• [SOURCE DATA]:
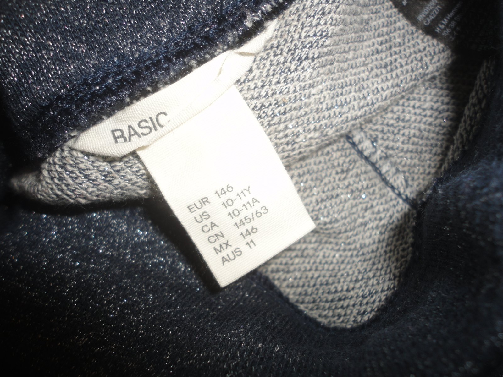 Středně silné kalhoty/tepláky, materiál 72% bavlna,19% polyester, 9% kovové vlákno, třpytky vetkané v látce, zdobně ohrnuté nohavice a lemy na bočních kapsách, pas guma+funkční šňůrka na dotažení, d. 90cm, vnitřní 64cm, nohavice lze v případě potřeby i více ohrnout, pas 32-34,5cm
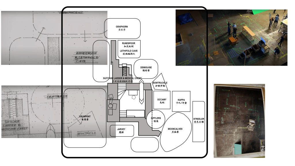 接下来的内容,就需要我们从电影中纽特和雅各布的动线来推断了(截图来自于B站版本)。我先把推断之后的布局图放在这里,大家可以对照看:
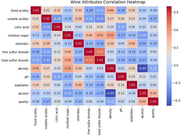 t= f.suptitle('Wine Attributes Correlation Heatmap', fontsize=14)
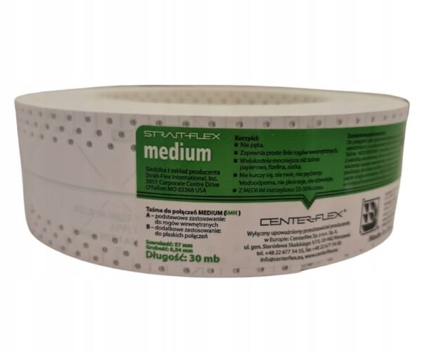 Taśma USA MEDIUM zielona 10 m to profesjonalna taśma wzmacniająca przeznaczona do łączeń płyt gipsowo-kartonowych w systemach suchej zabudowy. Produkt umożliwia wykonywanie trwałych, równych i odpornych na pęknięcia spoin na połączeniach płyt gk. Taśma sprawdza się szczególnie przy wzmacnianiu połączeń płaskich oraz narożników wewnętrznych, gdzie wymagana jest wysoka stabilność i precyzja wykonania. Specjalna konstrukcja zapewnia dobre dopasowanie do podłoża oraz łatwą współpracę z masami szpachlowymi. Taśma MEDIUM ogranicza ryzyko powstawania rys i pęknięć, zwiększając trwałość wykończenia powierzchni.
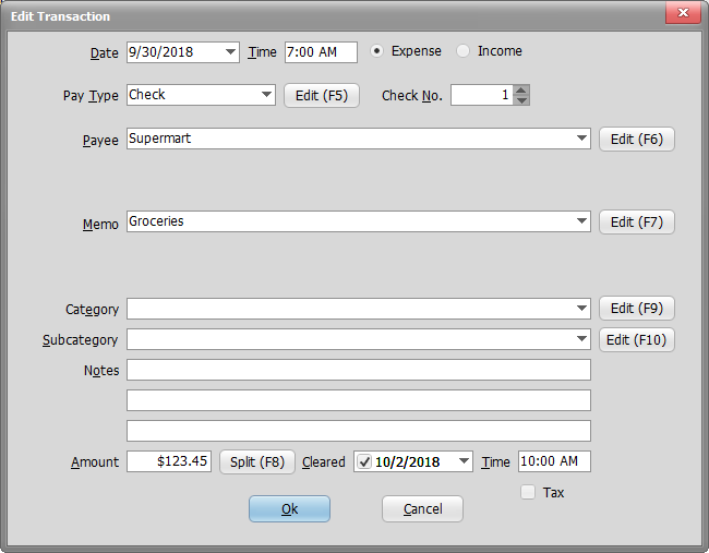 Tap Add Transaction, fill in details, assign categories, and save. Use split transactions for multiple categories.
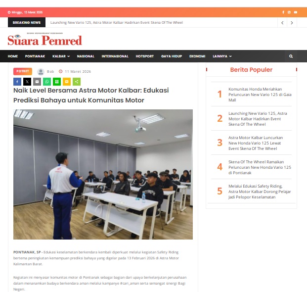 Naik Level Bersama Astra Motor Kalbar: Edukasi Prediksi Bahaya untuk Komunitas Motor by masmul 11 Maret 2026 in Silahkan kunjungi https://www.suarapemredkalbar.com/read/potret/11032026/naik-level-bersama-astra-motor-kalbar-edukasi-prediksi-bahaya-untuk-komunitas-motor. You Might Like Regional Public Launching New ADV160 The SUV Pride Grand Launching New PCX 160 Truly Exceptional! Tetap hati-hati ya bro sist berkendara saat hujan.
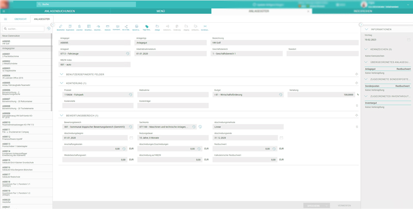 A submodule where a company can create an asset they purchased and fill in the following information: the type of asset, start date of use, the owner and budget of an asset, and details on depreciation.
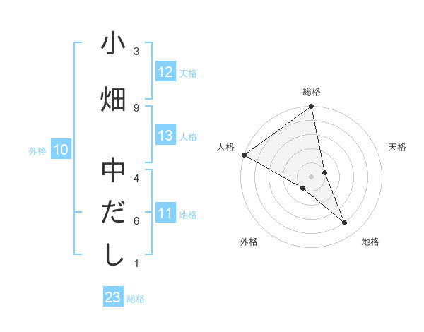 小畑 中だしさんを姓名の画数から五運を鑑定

• [WORK REQUEST]: Only the text of the listing above should be copied, exactly and with pictures left out.

• [RESULT OF THIS TASK]:
 Středně silné kalhoty/tepláky, materiál 72% bavlna,19% polyester, 9% kovové vlákno, třpytky vetkané v látce, zdobně ohrnuté nohavice a lemy na bočních kapsách, pas guma+funkční šňůrka na dotažení, d. 90cm, vnitřní 64cm, nohavice lze v případě potřeby i více ohrnout, pas 32-34,5cm
 接下来的内容,就需要我们从电影中纽特和雅各布的动线来推断了(截图来自于B站版本)。我先把推断之后的布局图放在这里,大家可以对照看:
 t= f.suptitle('Wine Attributes Correlation Heatmap', fontsize=14)
 Taśma USA MEDIUM zielona 10 m to profesjonalna taśma wzmacniająca przeznaczona do łączeń płyt gipsowo-kartonowych w systemach suchej zabudowy. Produkt umożliwia wykonywanie trwałych, równych i odpornych na pęknięcia spoin na połączeniach płyt gk. Taśma sprawdza się szczególnie przy wzmacnianiu połączeń płaskich oraz narożników wewnętrznych, gdzie wymagana jest wysoka stabilność i precyzja wykonania. Specjalna konstrukcja zapewnia dobre dopasowanie do podłoża oraz łatwą współpracę z masami szpachlowymi. Taśma MEDIUM ogranicza ryzyko powstawania rys i pęknięć, zwiększając trwałość wykończenia powierzchni.
 Tap Add Transaction, fill in details, assign categories, and save. Use split transactions for multiple categories.
 Naik Level Bersama Astra Motor Kalbar: Edukasi Prediksi Bahaya untuk Komunitas Motor by masmul 11 Maret 2026 in Silahkan kunjungi https://www.suarapemredkalbar.com/read/potret/11032026/naik-level-bersama-astra-motor-kalbar-edukasi-prediksi-bahaya-untuk-komunitas-motor. You Might Like Regional Public Launching New ADV160 The SUV Pride Grand Launching New PCX 160 Truly Exceptional! Tetap hati-hati ya bro sist berkendara saat hujan.
 A submodule where a company can create an asset they purchased and fill in the following information: the type of asset, start date of use, the owner and budget of an asset, and details on depreciation.
 小畑 中だしさんを姓名の画数から五運を鑑定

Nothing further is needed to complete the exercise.